Top of Dataset extract

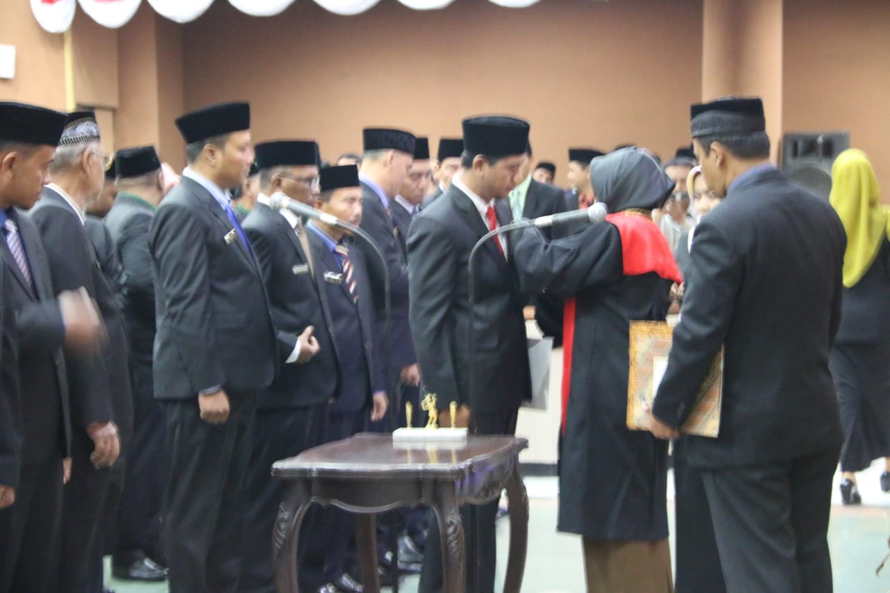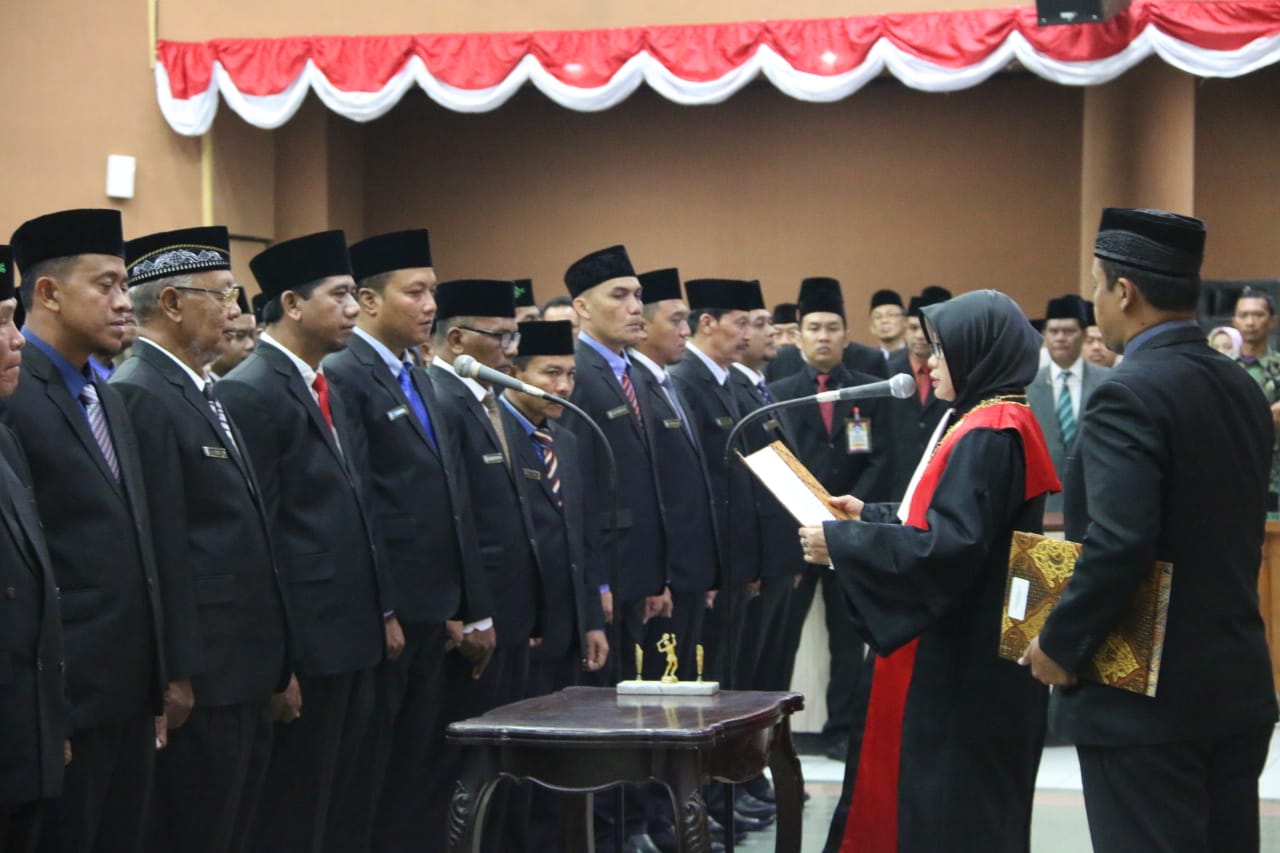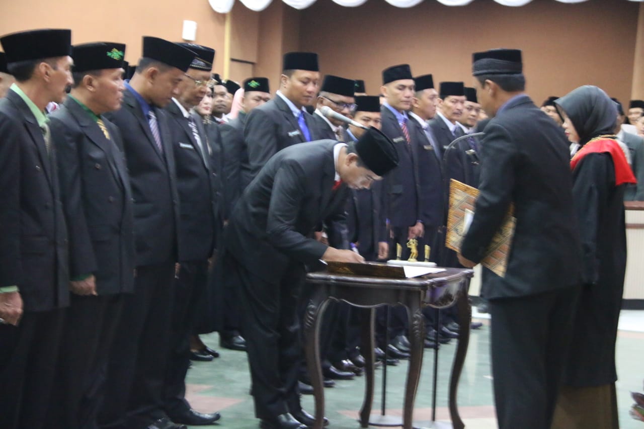 Yang dilanjutkan prosesi Pelaksanaan pengambilan Sumpah Janji anggota DPRD Kabupaten Ponorogo terpilih periode 2019-2024 oleh Kepala Pengadilan Negeri Ponorogo Dr. Henny Trimira Handayani, SH, MH dan dilanjutkan dengan penandatanganan berita acara serta penyematan pin.
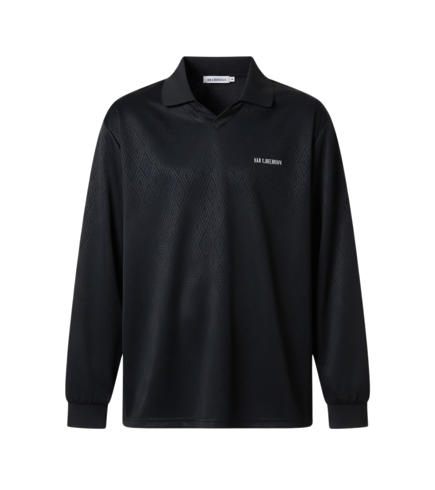 Han Kjøbenhavn Men's Long-Sleeve Football T-Shirt - Sporty, Inspired Long-Sleeve Shirt with Logo Details - Black
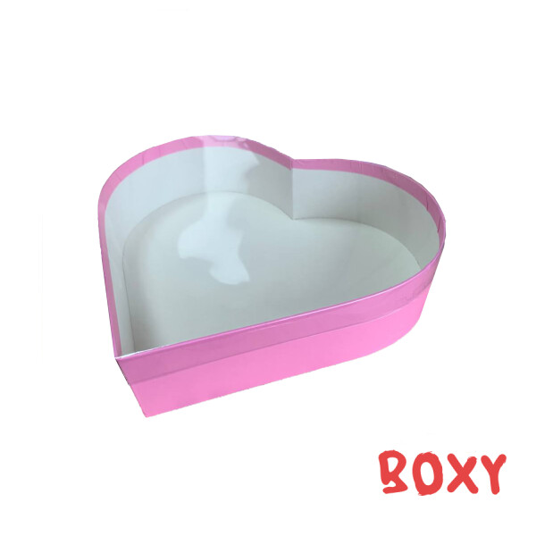 Коробка 250*230*60 мм (у формі серця) прозора кришка рожева
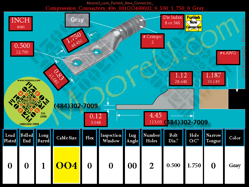 Each, Color: Gray, Lead Plate: No, Belled: No, Barrel: Long, Conductor: #4 AWG, Flex: No, Inspect Window: No, Angle: OO, Num Holes: 2, Bolt Size Dia: 1/2", C To C: 1-3/4", Tongue: Std, Tongue Wide: 0.83, Barrel L: 1.12, Thick: 0.12, Length: 4.45, mm x mm= n/a
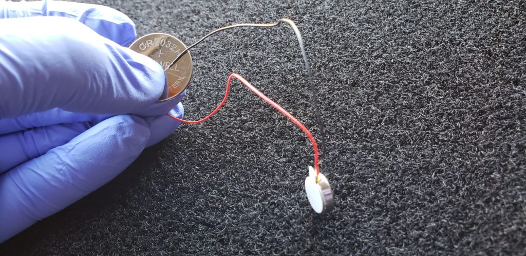 An easy first experiment would be to test the motors to get a feeling for the sort of what to expect. The easiest way to do that is with a battery. A 3V coin cell battery (2032) works well.
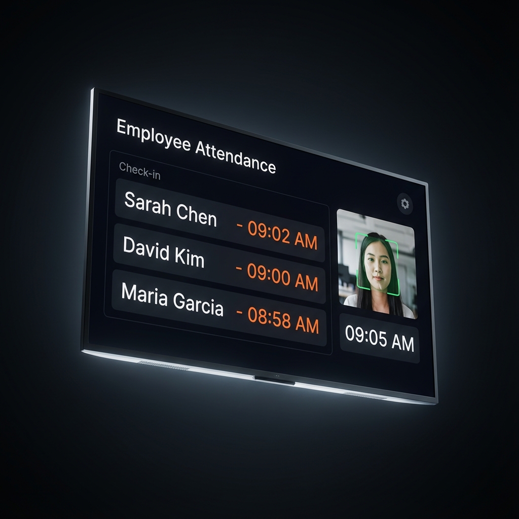 Dedicated Android TV application for employee check-in/out. Optimized for remote control navigation.
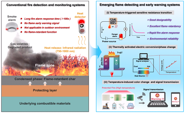 易燃材料的火灾风险防控是一个全球性的挑战,常以突发性、难以预测性、毁灭性的灾难给人类造成重大人员伤亡和经济损失,乃至造成严重的环境破坏。随着气候不断变暖,室外火灾风险防控(如森林防火、高层建筑防火)未来可能会变得愈加困难。目前,火灾防控策略主要包括被动的阻燃防火和主动的火灾报警,但均存在一些瓶颈问题亟待解决。例如,含卤阻燃剂仍存在环境危害性、有毒气体释放、阻燃与力学冲突等问题,而现有的火灾报警传感如烟雾报警器也存在响应时间长、无法早期预警、不适用于室外复杂环境等问题。实际上,主动火灾报警和被动的绿色阻燃同等重要。因此,发展兼具主被动一体化的阻燃预警材料与智能传感器是未来火灾安全领域的重要发展方向之一。
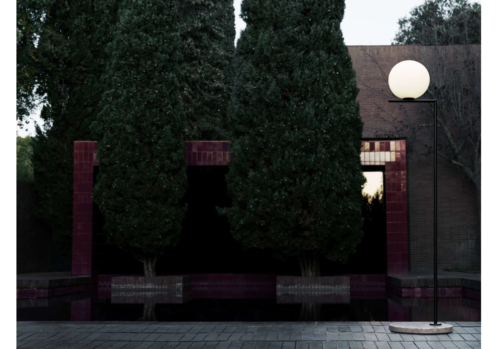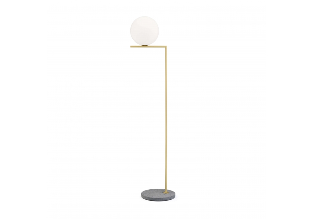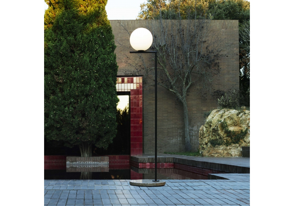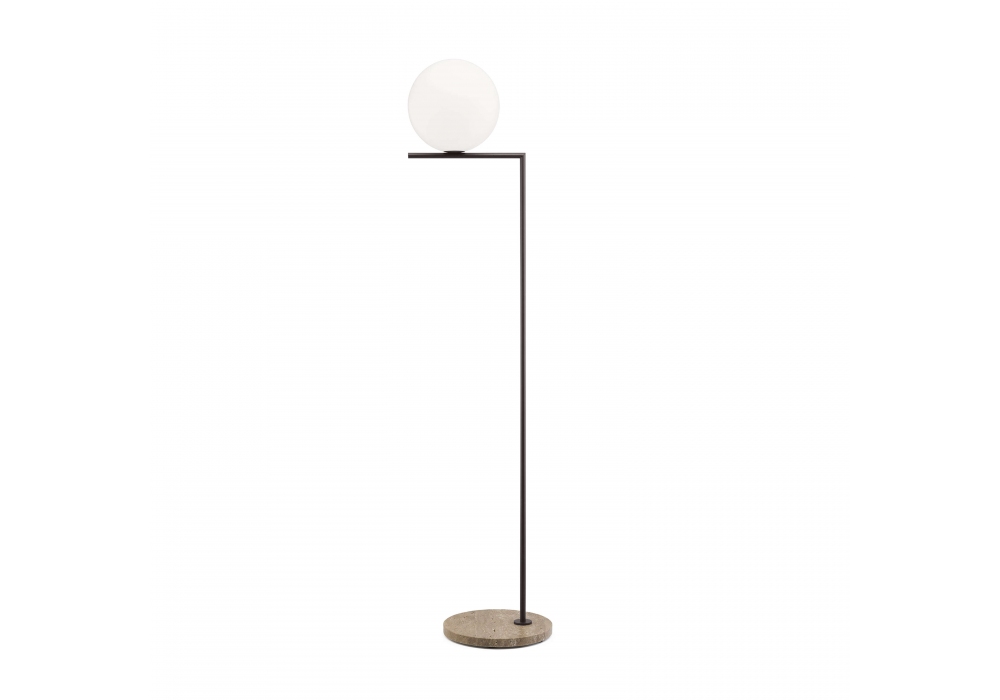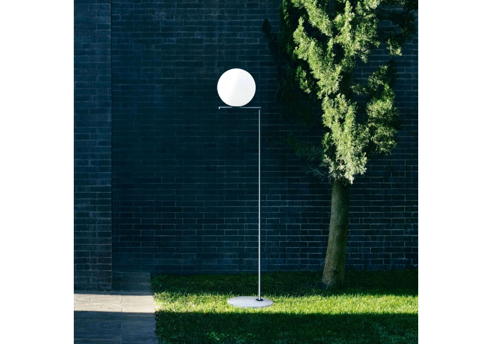 IC F2 conçu par Michael Anastassiades pour Flos est un lampadaire d'extérieur doté d'une base circulaire en marbre ou en pierre et d'une tige verticale en acier inoxydable. Source lumineuse non incluse. Un variateur à pied rétroéclairé IP65, situé le long du câble, assure la fonction marche/arrêt et la régulation du flux lumineux de 30 à 100 % (avec ampoule LED à intensité variable).
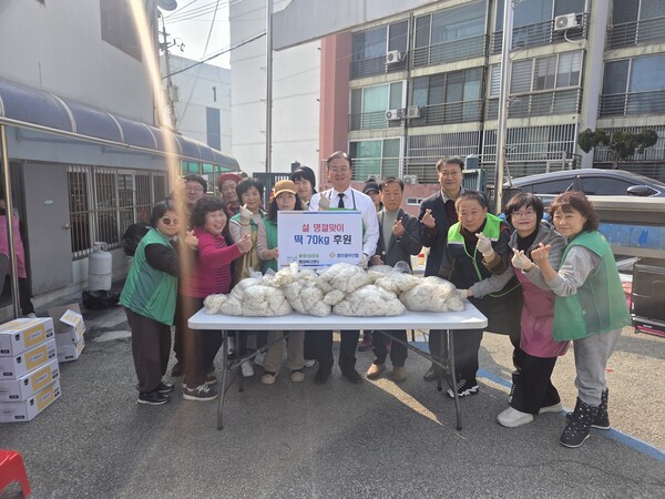 이번 기부는 지역 내 취약계층과 홀몸 어르신들을 위해 정기적으로 반찬을 만들어 전달하고 있는 봉명2송정동 새마을부녀회의 봉사활동을 응원하고, 따뜻한 나눔 문화를 확산하기 위해 마련됐다. 전달된 떡꾹떡 70kg은 반찬과 함께 지역 내 어려운 이웃들에게 전달될 예정이다.
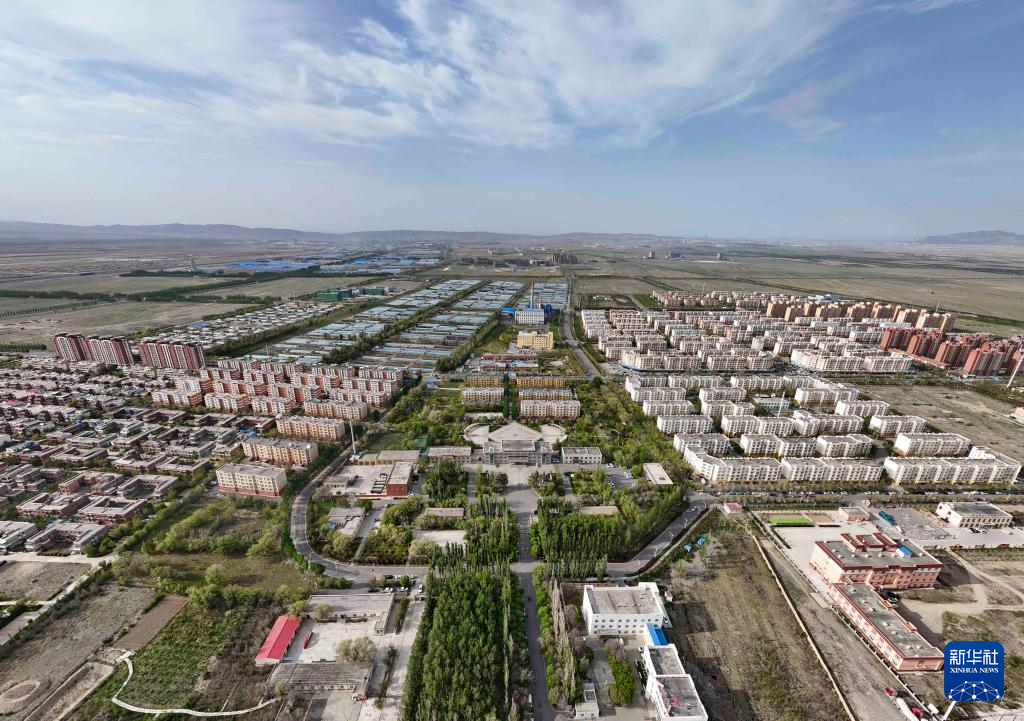 这是2024年5月13日拍摄的新疆生产建设兵团第十二师西山农牧场的小区(无人机全景照片)。|原始简陋的地窝子变成了高耸挺立的城市高楼,寸草不生的戈壁荒漠变成了生机勃勃的现代化良田,手拉肩扛的人工劳作变成了科技高效的智能生产……成立70年来,新疆生产建设兵团的变化天翻地覆,各族职工群众的生活蒸蒸日上。|新华社记者 胡虎虎 摄
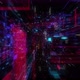Abstract technology big data cloud computing background with bright neon lines and dots. Flying in Digital Cyber City Particles HUD. floating circuits. Seamless loop, 3D render
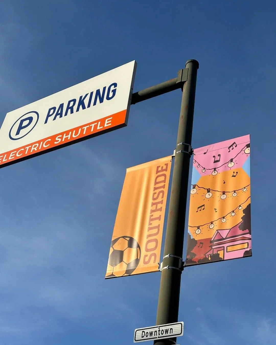 Goal was to celebrate and serve as an identifier for the Southside District: a neighborhood known for its vibrant music scene, pop-up soccer games, and DIY block parties.
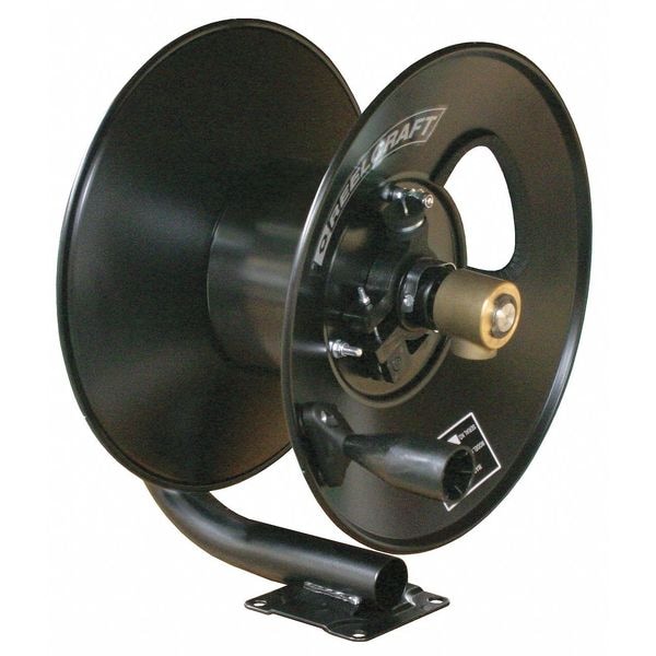 Hand Crank Hose Reel, Air, Garden, Pre-Rinse, Washdown, Water, Hose Capacity 100 ft (3/8 in I.D.), 5,000 psi, Overall Height 15 5/8 in, Overall Length 13 1/4 in, Overall Width 19 1/2 in, Reel Material Steel, Reel Finish Powder Coated, Drive Type Hand Crank, Enclosed No, Includes Hose No, Mounting Location Bench, Floor, Truck, Wall, Reel Color Black, Includes Gooseneck No, Hose Reel Type Free Standing Hose Reel, Vehicle Mount Hose Reel, Wall Mount Hose Reel, Swivel Material Brass
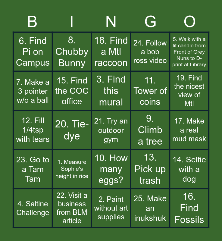 This bingo card has 25 words: 1. Measure Sophie's height in rice, 2. Paint without art supplies, 3. Find this mural, 4. Saltine Challenge, 5. Walk with a lit candle from Front of Grey Nuns to D-print at Library, 6. Find Pi on Campus, 7. Make a 3 pointer w/o a ball, 8. Chubby Bunny, 9. Climb a tree, 10. How many eggs?, 11. Tower of coins, 12. Fill 1/4tsp with tears, 13. Pick up trash, 14. Selfie with a dog, 15. Find the COC office, 16. Find Fossils, 17. Make a real mud mask, 18. Find a Mtl raccoon, 19. Find the nicest view of Mtl, 20. Tie-dye, 21. Try an outdoor gym, 22. Visit a business from BLM article, 23. Go to a Tam Tam, 24. Follow a bob ross video and 25. Make an inukshuk.
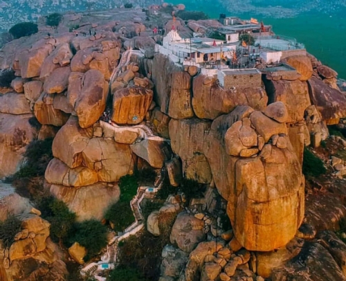 Other temples around the Yantrodharaka Hanumantha temple just about 5 mins climb from the Yantrodharaka temple, there is a small temple dedicated to Lord Srinivasa (Incarnation of Lord Vishnu); an idol that has been carved by Sri Vyasaraja himself. In front of the Yantrodharaka temple, below a fig tree; many snake stones are also worshiped.
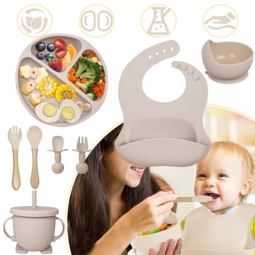 НАБОР СИЛИКОНОВОЙ ДЕТСКОЙ ПОСУДА, 8 ШТ. ПОСУДА ДЛЯ АВТОНОМНОГО КОРМЛЕНИЯ

Bottom of Dataset extract

Directions for this task
Write out the records in full and exactly, omitting the pictures they hold.

Problem solution
 Yang dilanjutkan prosesi Pelaksanaan pengambilan Sumpah Janji anggota DPRD Kabupaten Ponorogo terpilih periode 2019-2024 oleh Kepala Pengadilan Negeri Ponorogo Dr. Henny Trimira Handayani, SH, MH dan dilanjutkan dengan penandatanganan berita acara serta penyematan pin.
 Han Kjøbenhavn Men's Long-Sleeve Football T-Shirt - Sporty, Inspired Long-Sleeve Shirt with Logo Details - Black
 Коробка 250*230*60 мм (у формі серця) прозора кришка рожева
 Each, Color: Gray, Lead Plate: No, Belled: No, Barrel: Long, Conductor: #4 AWG, Flex: No, Inspect Window: No, Angle: OO, Num Holes: 2, Bolt Size Dia: 1/2", C To C: 1-3/4", Tongue: Std, Tongue Wide: 0.83, Barrel L: 1.12, Thick: 0.12, Length: 4.45, mm x mm= n/a
 An easy first experiment would be to test the motors to get a feeling for the sort of what to expect. The easiest way to do that is with a battery. A 3V coin cell battery (2032) works well.
 Dedicated Android TV application for employee check-in/out. Optimized for remote control navigation.
 易燃材料的火灾风险防控是一个全球性的挑战,常以突发性、难以预测性、毁灭性的灾难给人类造成重大人员伤亡和经济损失,乃至造成严重的环境破坏。随着气候不断变暖,室外火灾风险防控(如森林防火、高层建筑防火)未来可能会变得愈加困难。目前,火灾防控策略主要包括被动的阻燃防火和主动的火灾报警,但均存在一些瓶颈问题亟待解决。例如,含卤阻燃剂仍存在环境危害性、有毒气体释放、阻燃与力学冲突等问题,而现有的火灾报警传感如烟雾报警器也存在响应时间长、无法早期预警、不适用于室外复杂环境等问题。实际上,主动火灾报警和被动的绿色阻燃同等重要。因此,发展兼具主被动一体化的阻燃预警材料与智能传感器是未来火灾安全领域的重要发展方向之一。
 IC F2 conçu par Michael Anastassiades pour Flos est un lampadaire d'extérieur doté d'une base circulaire en marbre ou en pierre et d'une tige verticale en acier inoxydable. Source lumineuse non incluse. Un variateur à pied rétroéclairé IP65, situé le long du câble, assure la fonction marche/arrêt et la régulation du flux lumineux de 30 à 100 % (avec ampoule LED à intensité variable).
 이번 기부는 지역 내 취약계층과 홀몸 어르신들을 위해 정기적으로 반찬을 만들어 전달하고 있는 봉명2송정동 새마을부녀회의 봉사활동을 응원하고, 따뜻한 나눔 문화를 확산하기 위해 마련됐다. 전달된 떡꾹떡 70kg은 반찬과 함께 지역 내 어려운 이웃들에게 전달될 예정이다.
 这是2024年5月13日拍摄的新疆生产建设兵团第十二师西山农牧场的小区(无人机全景照片)。|原始简陋的地窝子变成了高耸挺立的城市高楼,寸草不生的戈壁荒漠变成了生机勃勃的现代化良田,手拉肩扛的人工劳作变成了科技高效的智能生产……成立70年来,新疆生产建设兵团的变化天翻地覆,各族职工群众的生活蒸蒸日上。|新华社记者 胡虎虎 摄
Abstract technology big data cloud computing background with bright neon lines and dots. Flying in Digital Cyber City Particles HUD. floating circuits. Seamless loop, 3D render
 Goal was to celebrate and serve as an identifier for the Southside District: a neighborhood known for its vibrant music scene, pop-up soccer games, and DIY block parties.
 Hand Crank Hose Reel, Air, Garden, Pre-Rinse, Washdown, Water, Hose Capacity 100 ft (3/8 in I.D.), 5,000 psi, Overall Height 15 5/8 in, Overall Length 13 1/4 in, Overall Width 19 1/2 in, Reel Material Steel, Reel Finish Powder Coated, Drive Type Hand Crank, Enclosed No, Includes Hose No, Mounting Location Bench, Floor, Truck, Wall, Reel Color Black, Includes Gooseneck No, Hose Reel Type Free Standing Hose Reel, Vehicle Mount Hose Reel, Wall Mount Hose Reel, Swivel Material Brass
 This bingo card has 25 words: 1. Measure Sophie's height in rice, 2. Paint without art supplies, 3. Find this mural, 4. Saltine Challenge, 5. Walk with a lit candle from Front of Grey Nuns to D-print at Library, 6. Find Pi on Campus, 7. Make a 3 pointer w/o a ball, 8. Chubby Bunny, 9. Climb a tree, 10. How many eggs?, 11. Tower of coins, 12. Fill 1/4tsp with tears, 13. Pick up trash, 14. Selfie with a dog, 15. Find the COC office, 16. Find Fossils, 17. Make a real mud mask, 18. Find a Mtl raccoon, 19. Find the nicest view of Mtl, 20. Tie-dye, 21. Try an outdoor gym, 22. Visit a business from BLM article, 23. Go to a Tam Tam, 24. Follow a bob ross video and 25. Make an inukshuk.
 Other temples around the Yantrodharaka Hanumantha temple just about 5 mins climb from the Yantrodharaka temple, there is a small temple dedicated to Lord Srinivasa (Incarnation of Lord Vishnu); an idol that has been carved by Sri Vyasaraja himself. In front of the Yantrodharaka temple, below a fig tree; many snake stones are also worshiped.
 НАБОР СИЛИКОНОВОЙ ДЕТСКОЙ ПОСУДА, 8 ШТ. ПОСУДА ДЛЯ АВТОНОМНОГО КОРМЛЕНИЯ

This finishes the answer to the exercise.